Kiwis kick off America’s Cup trials
New Zealand earns 1st point; Italy protests
SAN FRANCISCO – With the Golden Gate Bridge looming to his right, Emirates Team New Zealand skipper Dean Barker hit the starting line and immediately got his 72-foot catamaran speeding across the tops of the waves on hydrofoils.
The America’s Cup challenger trials were underway on San Francisco Bay and the Kiwis were clearly in control.
At one point, the boys from Down Under hit 42.8 knots in their high-performance cat, or just more than 49 mph.
Of course, it helped that there was no opponent.
Emirates Team New Zealand sailed alone around the course Sunday to collect the first point of the regatta. Their scheduled opponent, Italy’s Luna Rossa, boycotted, saying it won’t race until an international jury hears protests regarding rules changes made after Andrew “Bart” Simpson of Artemis Racing was killed in a capsize May 9.
Did it feel like a victory?
“No,” Barker said, “For us, it’s just another day of practice in terms of getting better for the knockout stages in August.”
While the Kiwis put on a show for spectators lining the shore, it was hardly what organizers had in mind after software tycoon Larry Ellison reclaimed the America’s Cup for the United States more than three years ago.
“I feel sorry for people coming down to watch to only see one boat sailing around,” Barker said. “People come down to see a contest and that’s what we should be putting on. We respect Luna Rossa’s decision not to sail. They’ve done it on their own decision, their own, merits, their own beliefs, but when you look at the shoreline, there were a lot of people there today, given it was just us sailing around alone.

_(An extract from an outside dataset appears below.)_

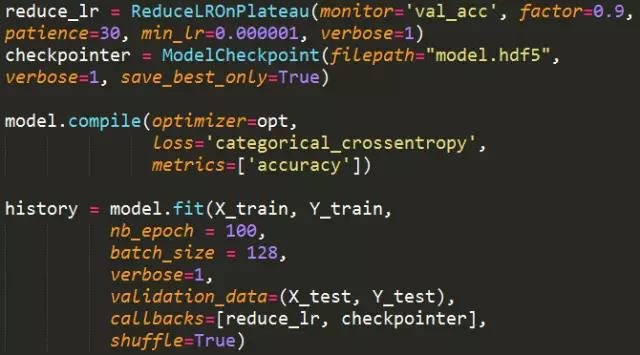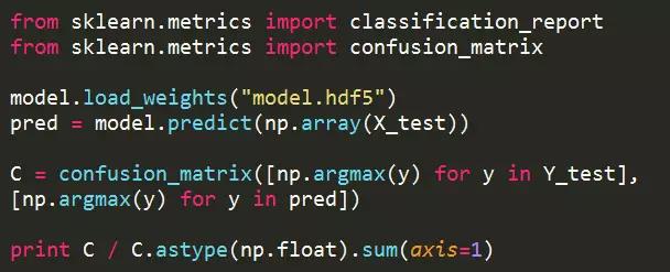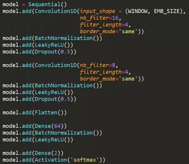 如前所述,使用CNN作为分类器。 主要选择它是因为超参数的灵活性和可解释性(卷积核,下采样大小等)和RNNs性能类似,比MLP更好,训练更快。代码如下:

We need to make sure we give them something to watch.”
What needs to be done?
“We need another boat to turn up and go racing,” he said.
This is supposed to be the most eye-popping America’s Cup ever, with the sleek, space-age catamarans sailing three times the speed of the wind with a stunning backdrop of the Golden Gate Bridge, Alcatraz Island and the Transamerica pyramid.
It’s also the first time in the regatta’s 162-year history that it’s been contested inshore rather than miles out to sea.
But the contest for the oldest trophy in international sports has been bogging down since even before it started.
The accident that killed Simpson led regatta director Iain Murray to make 37 safety recommendations.